Task description
Reproduce the listing below as it stands. Leave out each image.

┌─ Supplied material

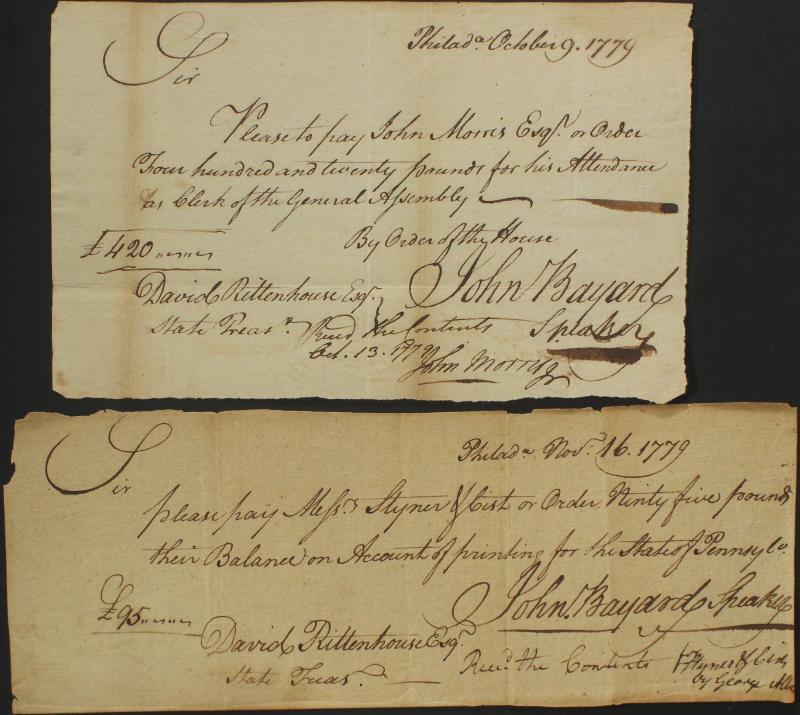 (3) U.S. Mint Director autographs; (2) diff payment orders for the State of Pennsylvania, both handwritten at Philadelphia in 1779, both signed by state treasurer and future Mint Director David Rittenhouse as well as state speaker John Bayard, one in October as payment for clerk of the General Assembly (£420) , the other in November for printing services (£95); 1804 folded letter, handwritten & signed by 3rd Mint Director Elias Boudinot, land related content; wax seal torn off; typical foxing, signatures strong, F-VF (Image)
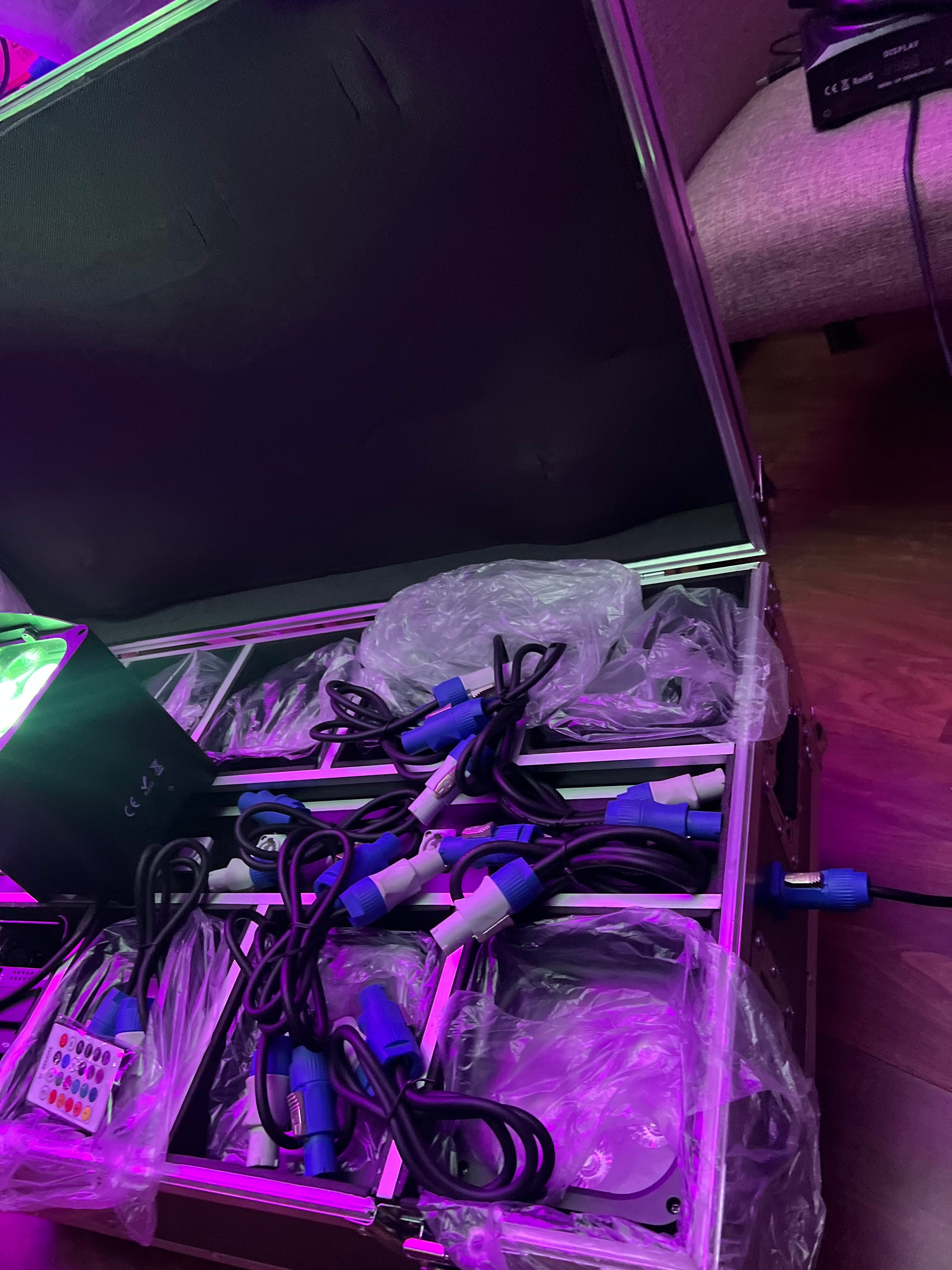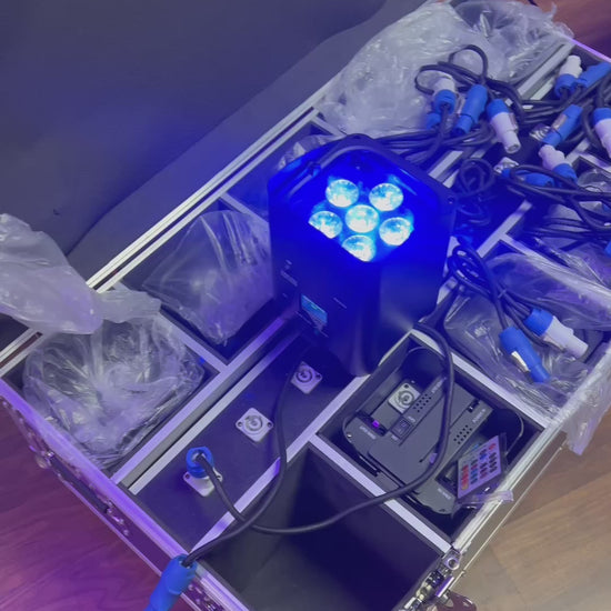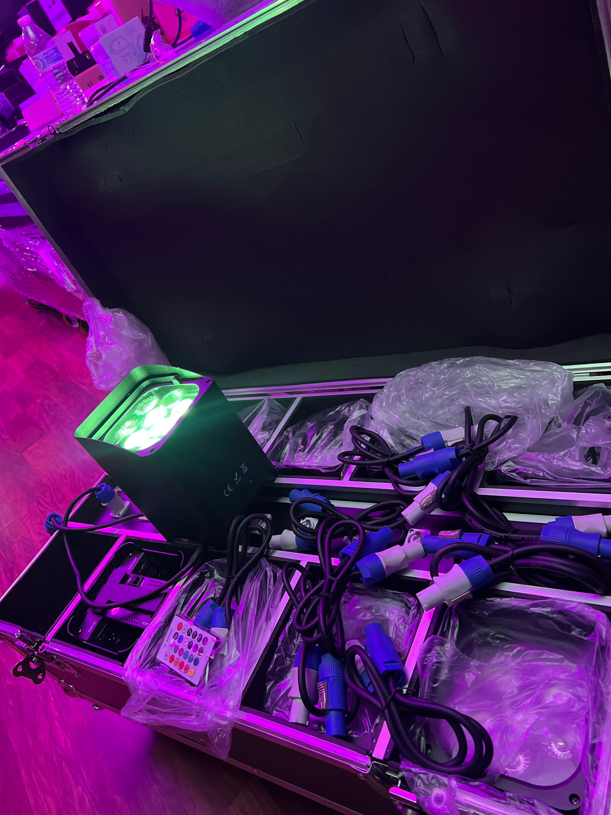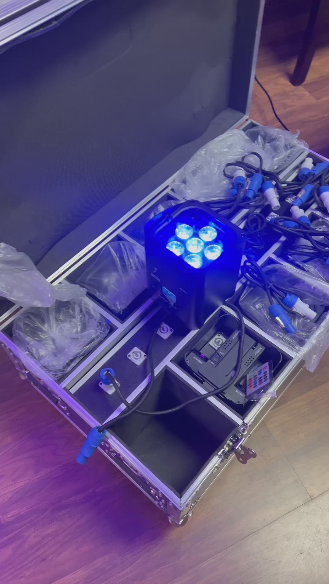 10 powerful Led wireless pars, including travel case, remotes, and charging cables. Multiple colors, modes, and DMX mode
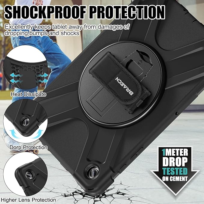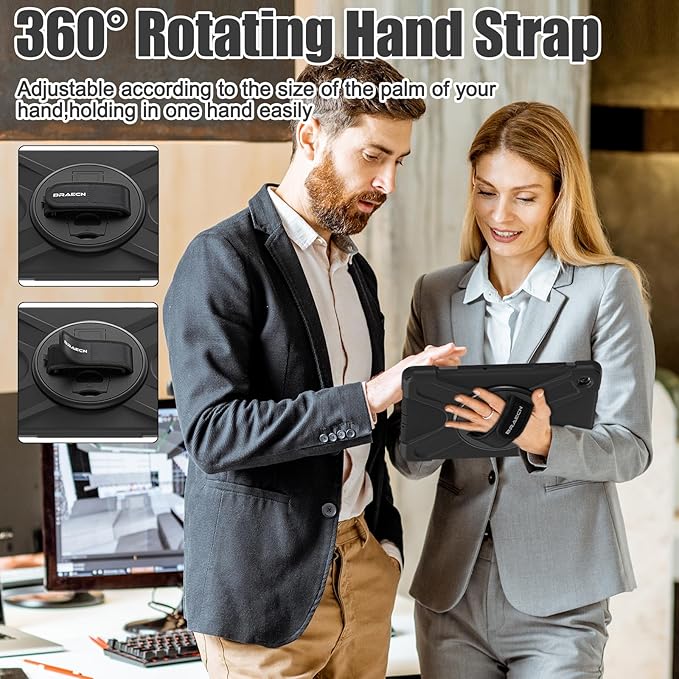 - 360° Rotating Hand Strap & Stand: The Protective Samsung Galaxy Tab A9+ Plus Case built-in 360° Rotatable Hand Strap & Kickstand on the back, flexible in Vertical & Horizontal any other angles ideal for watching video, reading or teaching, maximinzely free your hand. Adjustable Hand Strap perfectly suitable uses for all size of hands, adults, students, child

└─

Reply to the task
 (3) U.S. Mint Director autographs; (2) diff payment orders for the State of Pennsylvania, both handwritten at Philadelphia in 1779, both signed by state treasurer and future Mint Director David Rittenhouse as well as state speaker John Bayard, one in October as payment for clerk of the General Assembly (£420) , the other in November for printing services (£95); 1804 folded letter, handwritten & signed by 3rd Mint Director Elias Boudinot, land related content; wax seal torn off; typical foxing, signatures strong, F-VF (Image)
 10 powerful Led wireless pars, including travel case, remotes, and charging cables. Multiple colors, modes, and DMX mode
 - 360° Rotating Hand Strap & Stand: The Protective Samsung Galaxy Tab A9+ Plus Case built-in 360° Rotatable Hand Strap & Kickstand on the back, flexible in Vertical & Horizontal any other angles ideal for watching video, reading or teaching, maximinzely free your hand. Adjustable Hand Strap perfectly suitable uses for all size of hands, adults, students, child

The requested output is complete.